We have been releasing a number of Salesforce articles over the past few weeks, outlining important details about Salesforce devops adoption. The focus of this week's spotlight is Salesforce DX.
Let's go back to the 2016 Dreamforce conference to see where it all began.
Salesforce created a developer experience (DX) that was simple, open, integrated, and collaborative with the goal of enabling developers to work together and deliver continuously. In 2018, they realized their aim for a fresh and contemporary approach to developing on Salesforce.
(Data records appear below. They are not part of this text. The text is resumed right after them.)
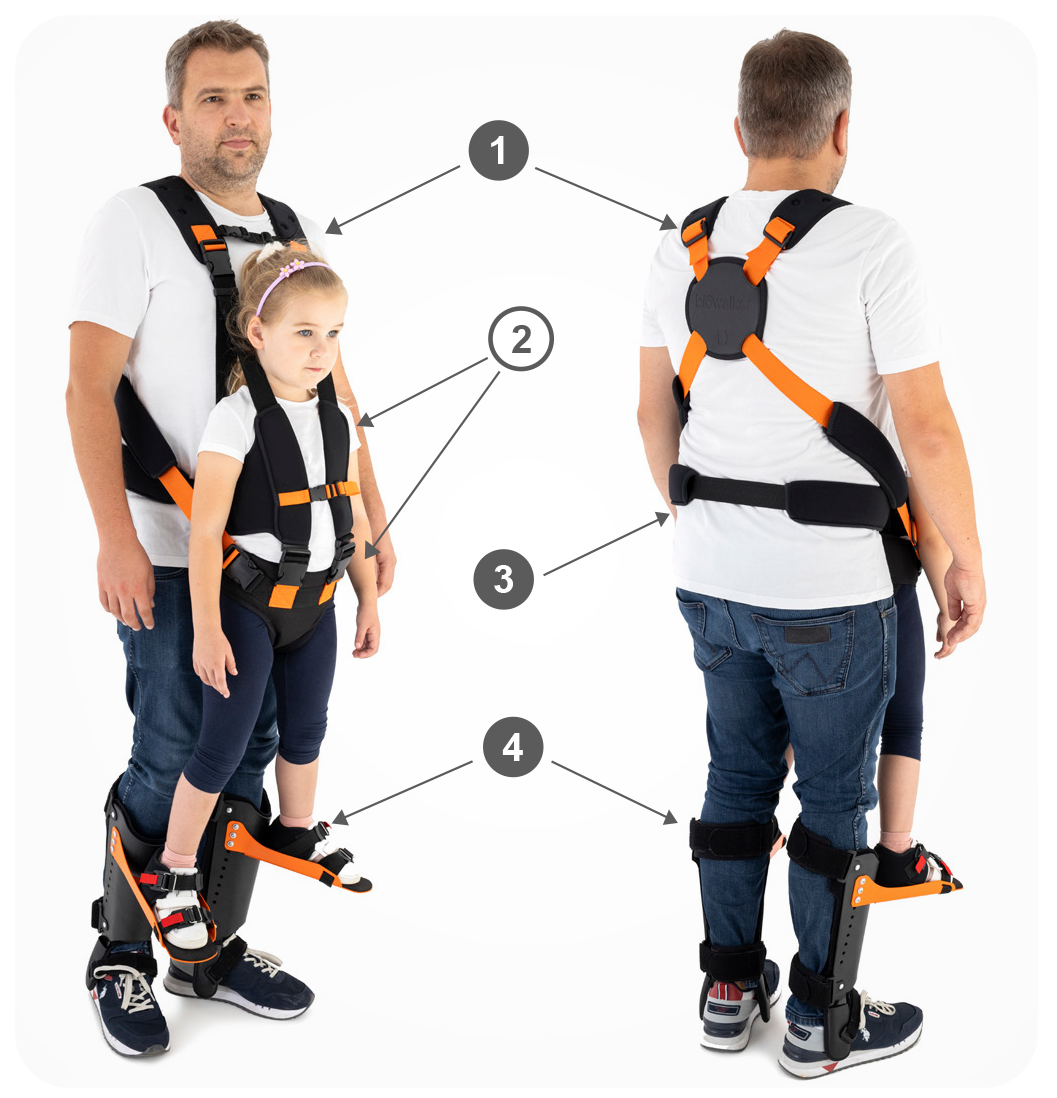 - łusek piszczelowych dla Opiekuna wraz ze stopkami do współbieżnego chodu dla Pacjenta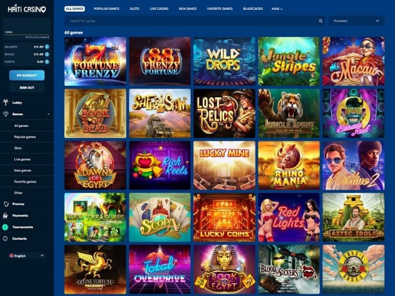 يضم كازينو هايتي الألعاب التي يوفرها مطورو البرامج الرائدون، بما في ذلك Microgaming و Pragmatic Play وEvolution Gaming... مع وضع ذلك في الاعتبار، سيتم بالتأكيد تلبية المعايير العالية لبعض المراهنين الأكثر تطلبًا من خلال محفظة الكازينو الضخمة، المليئة بالألعاب الممتازة وعالية الجودة في وضع التدريب وللأموال الحقيقية.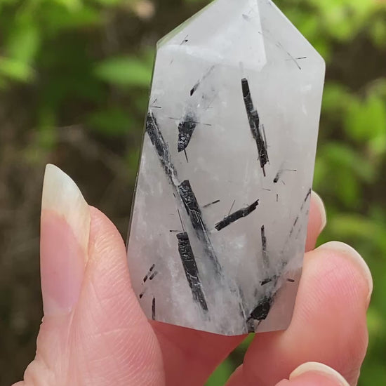 This is a lovely, higher quality Tourmalated Quartz generator tower with clean, transparent Quartz and defined inclusions of Black Tourmaline. Hand cut to a six sided generator point. You will receive the exact Tourmalated Quartz point shown. A powerful mix of protective Black Tourmaline and all-healing Quartz, Tourmalated Quartz is a master at purging negative energy and balancing yin and yang energies throughout the body. Quartz amplifies and enhances the detoxifying powers of Black Tourmaline while energizing the spirit and physical body.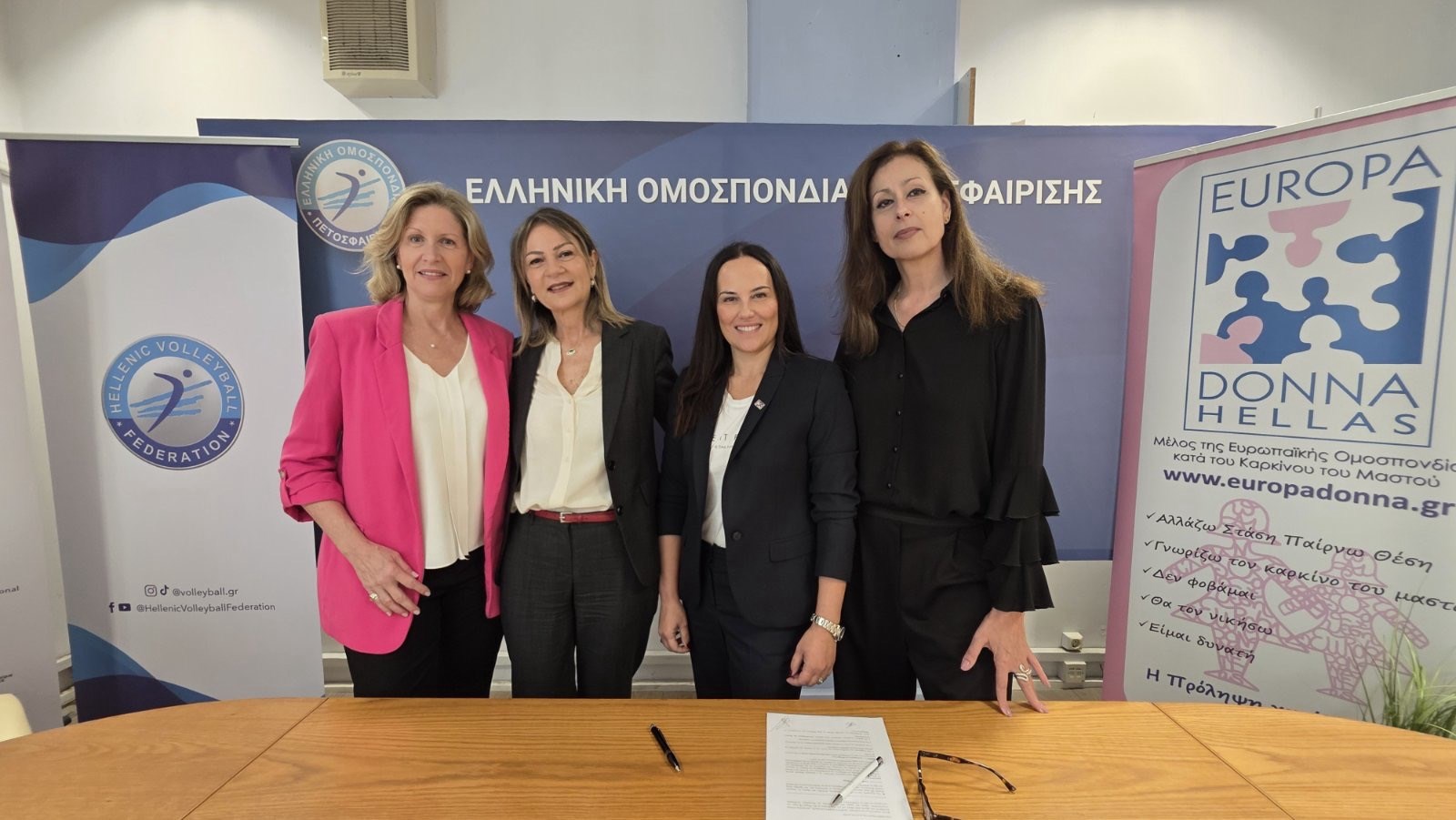 Στα γραφεία της Ε.Ο.ΠΕ. βρέθηκαν την Τρίτη 18/11 η Πρόεδρος της Europa Donna Hellas Φιορίτα Πουλακάκη και η Αντιπρόεδρος Μιμή Μαρσέλλου, για την επίσημη υπογραφή του μνημονίου συνεργασίας μεταξύ των δύο φορέων.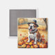 Bulldog In Autumn Leaves Thanksgiving Art Magnet

Until the Salesforce DX launch, the deployment of Salesforce involved making general configurations of a Salesforce organization and creating Apex and Visualforce code. They do this using either the Force.com Integrated Development Environment (IDE) or the online IDE provided by the Developer Console on Salesforce.
What is Salesforce DX?
To sum up, Salesforce DX is a more agile version of Salesforce. It is a platform created for developers to develop, test and collaborate in an effective way. This primarily involved code modularization and flexible packaging options.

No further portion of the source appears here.